Population (September 30, 2016)
- • Total: 6,136
- • Density: 20.12/km^{2} (52.11/sq mi)
- Time zone: UTC+09:00 (JST)
- City hall address: 38-2 Minamihoroni, Kyōwa, Iwanai-gun, Hokkaido 048-2292
- Climate: Dfb
- Website: www.town.kyowa.hokkaido.jp
- Flower: Menyanthes
- Tree: Taxus cuspidata

= Kyōwa, Hokkaido =

Kyōwa (共和町, Kyōwa-chō) is a town located in Shiribeshi Subprefecture, Hokkaido, Japan.

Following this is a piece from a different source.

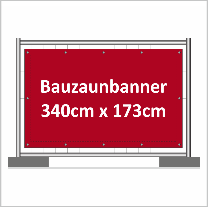 Bauzaunbanner 340cm x173cm mit Randverstärkung und Ösen umlaufend

As of September 2016, the town has an estimated population of 6,136, and a density of 20 persons per km^{2}. The total area is 304.96 km^{2}.

==Geography==
Kyōwa is located just south of the Shakotan Peninsula, near the Niseko Volcanic Group.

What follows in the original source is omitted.